[[ RAW DATA, beginning ]]

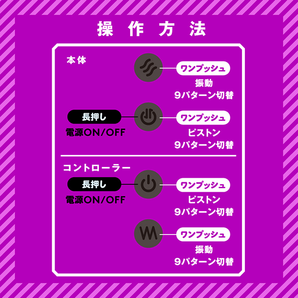★超強力ピストンで完堕ちメス堕ち新境地★PPPより、超強力ピストン搭載で、完全防水&遠隔操作可能なアナニーバイブ第2弾が登場!ピストンギミックはゼンリツをズンズン刺激するメス堕ち構造!先端の曲がった形状がゼンリツをガン責め!9パターンの高速ピストンで止まらない&止められないイキ狂い!タマ&会陰を刺激する強力モーター内蔵でWの快感を味わえちゃう!女の子みたいにイケるメス堕ち仕様の優秀バイブ!いろんな遊び方を模索して、もっと新しい快感を見つけてくださいね!
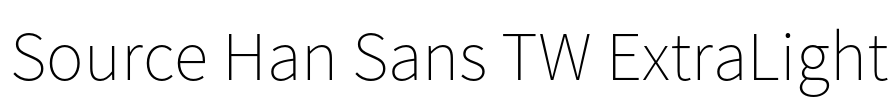 Source Han Sans TW ExtraLight 字体基本信息字体名称: Source Han Sans TW ExtraLight字体子家族: Regular字体子家族 ID: 2.004;ADBO;SourceHanSansTW-ExtraLight;ADOBE字体全名: Source Han Sans TW ExtraLi…
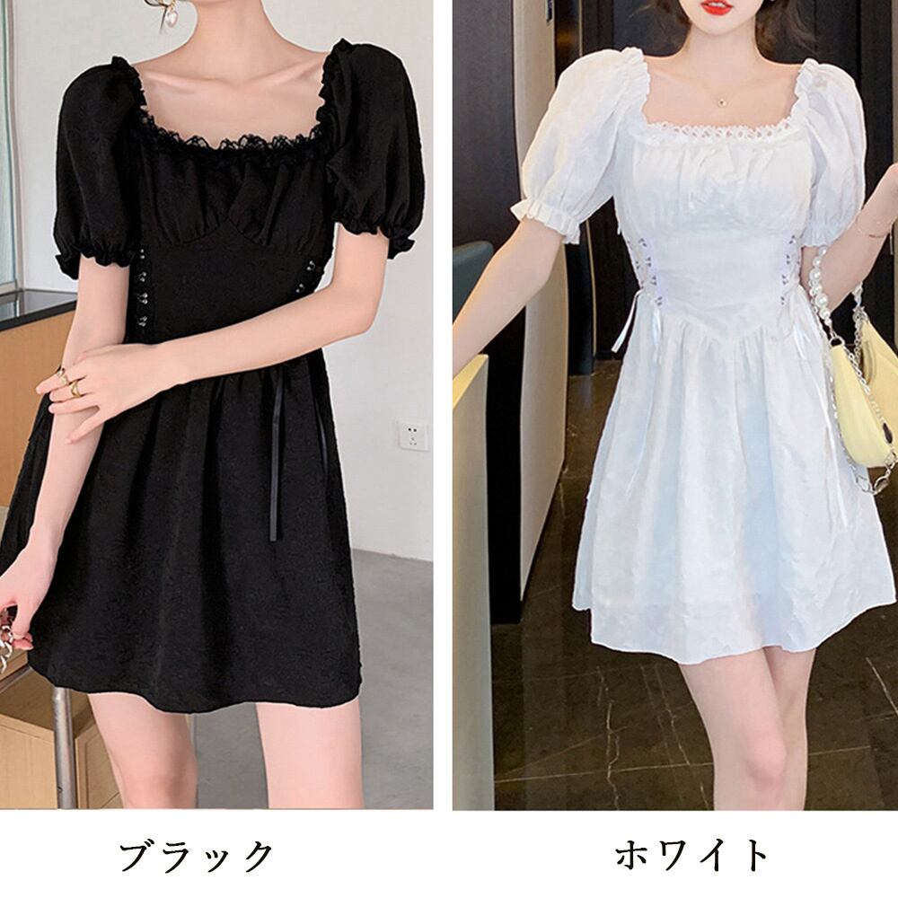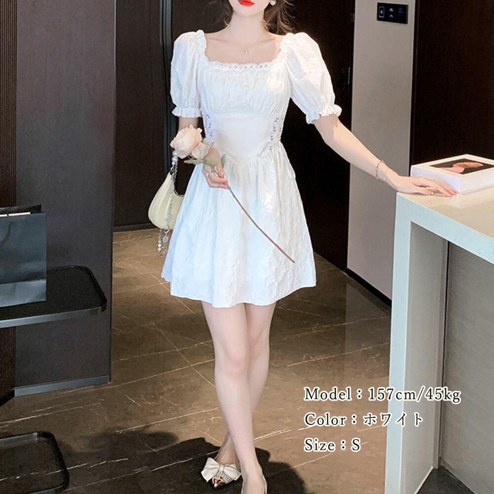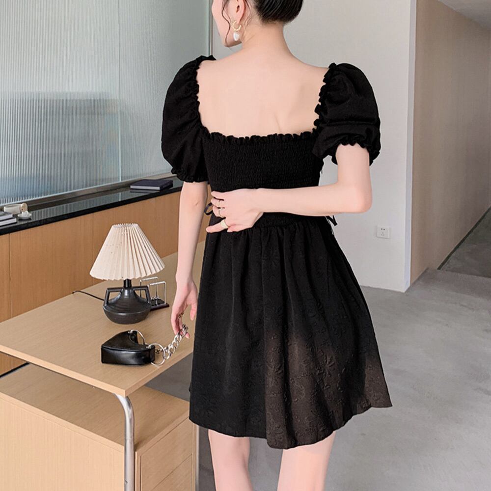 スクエアネック ミニワンピース無地パフ袖

[[ RAW DATA, end ]]

## INSTRUCTIONS FOR THE TASK
Output the whole listing exactly. Pictures stay out.

## RESULT OF THIS EXERCISE
★超強力ピストンで完堕ちメス堕ち新境地★PPPより、超強力ピストン搭載で、完全防水&遠隔操作可能なアナニーバイブ第2弾が登場!ピストンギミックはゼンリツをズンズン刺激するメス堕ち構造!先端の曲がった形状がゼンリツをガン責め!9パターンの高速ピストンで止まらない&止められないイキ狂い!タマ&会陰を刺激する強力モーター内蔵でWの快感を味わえちゃう!女の子みたいにイケるメス堕ち仕様の優秀バイブ!いろんな遊び方を模索して、もっと新しい快感を見つけてくださいね!
 Source Han Sans TW ExtraLight 字体基本信息字体名称: Source Han Sans TW ExtraLight字体子家族: Regular字体子家族 ID: 2.004;ADBO;SourceHanSansTW-ExtraLight;ADOBE字体全名: Source Han Sans TW ExtraLi…
 スクエアネック ミニワンピース無地パフ袖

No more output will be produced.